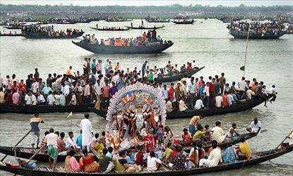 এদিকে, ইছামতীর বিসর্জন ঘিরে কঠোর নিরাপত্তা জারি করা হয়েছে। পুজোর মধ্যেই মাঝনদীতে দু'দেশের সীমান্তরক্ষী বাহিনীর ফ্ল্যাগ মিটিং হবে। তাতে এদেশের বিএসএফ ছাড়াও পশ্চিমবঙ্গ পুলিশ, টাকি পুরসভার চেয়ারম্যান থাকবেন। সূত্রে জানা গিয়েছে, নিরাপত্তার জন্য প্রচুর বিএসএফ জওয়ান ও পশ্চিমবঙ্গ পুলিস কর্মী মোতায়েন থাকবে। একাধিক জায়গায় ওয়াচ টাওয়ার থাকবে। থাকবে সাদা পোশাকের পুলিশ।
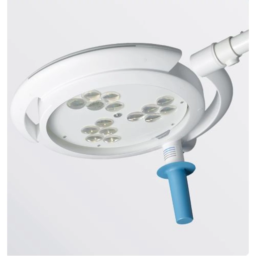 A lámpa bekapcsolásához és a fényerő szabályozásához egyszerűen csak el kell forgatni a kék színű steril fogantyút.
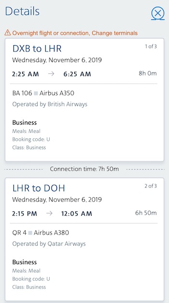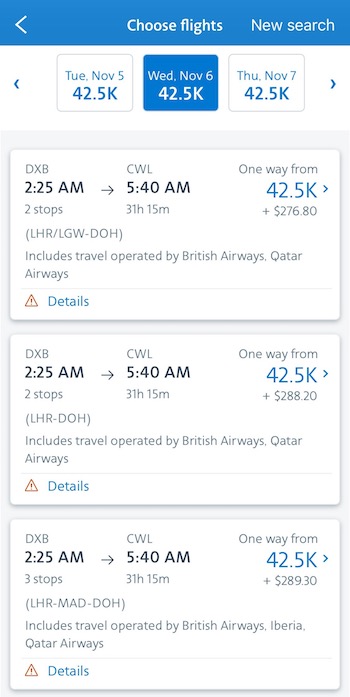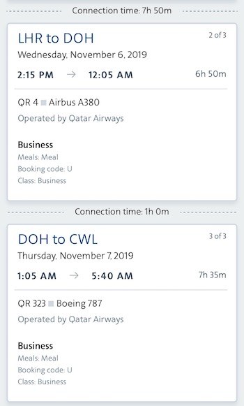 For example, want to fly from Dubai to Cardiff? How does redeeming 42,500 American miles sound for business class from Dubai to London on the British Airways A350, then London to Doha on the Qatar Airways A380, and then Doha to Cardiff on the Qatar Airways 787?
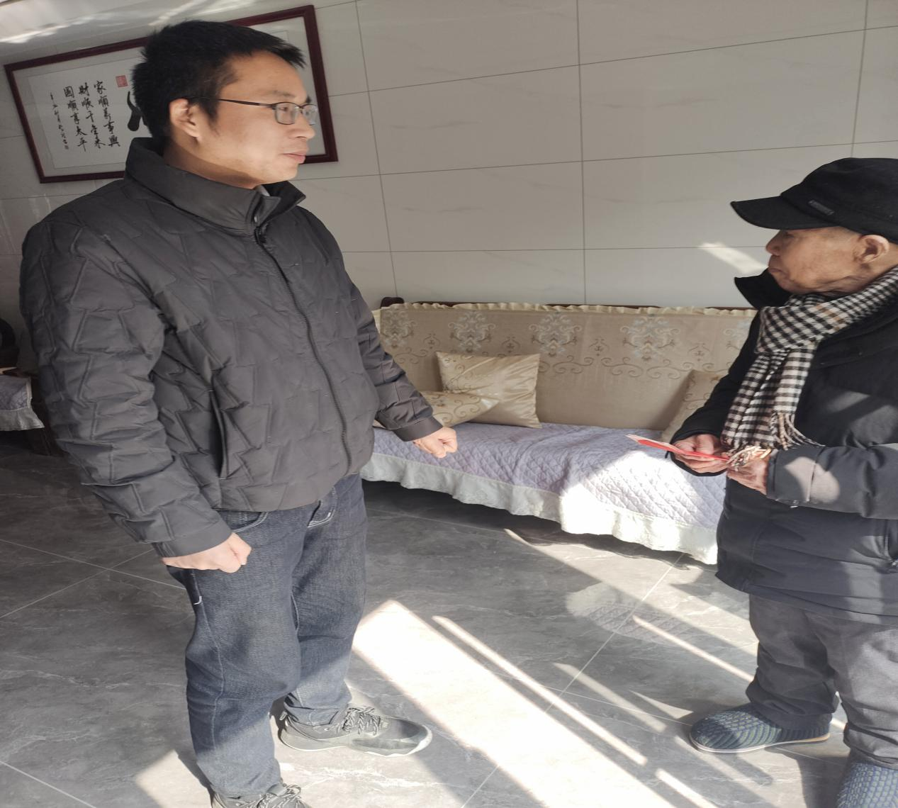 春节将至,为使湖滨村的困难党员过一个安定祥和的春节,充分感受到党和政府的关怀,2月8日,湖滨村党总支部开展走访慰问困难老党员活动,并且送上慰问金及新年的祝福。
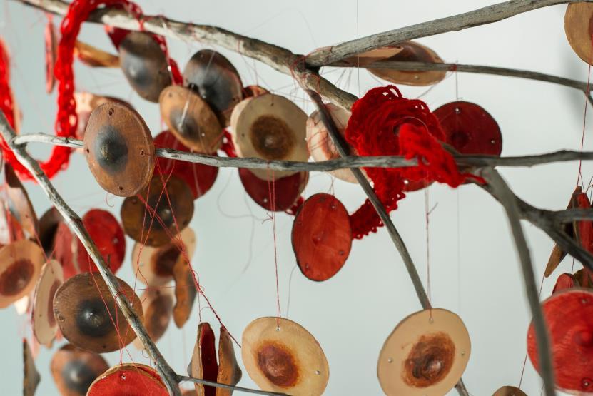Imagem: Fiamma Viola, Tramas Invisíveis (instalação: cerâmica pintada a mão, linha e galhos) Fotógrafo: Humberto Araújo

+++

Beginning with the line that contains "A lámpa bekapcsolásához" and ending with the final line of the entries, every line must be copied exactly; the pictures must not.

## Result:
 A lámpa bekapcsolásához és a fényerő szabályozásához egyszerűen csak el kell forgatni a kék színű steril fogantyút.
 For example, want to fly from Dubai to Cardiff? How does redeeming 42,500 American miles sound for business class from Dubai to London on the British Airways A350, then London to Doha on the Qatar Airways A380, and then Doha to Cardiff on the Qatar Airways 787?
 春节将至,为使湖滨村的困难党员过一个安定祥和的春节,充分感受到党和政府的关怀,2月8日,湖滨村党总支部开展走访慰问困难老党员活动,并且送上慰问金及新年的祝福。
Imagem: Fiamma Viola, Tramas Invisíveis (instalação: cerâmica pintada a mão, linha e galhos) Fotógrafo: Humberto Araújo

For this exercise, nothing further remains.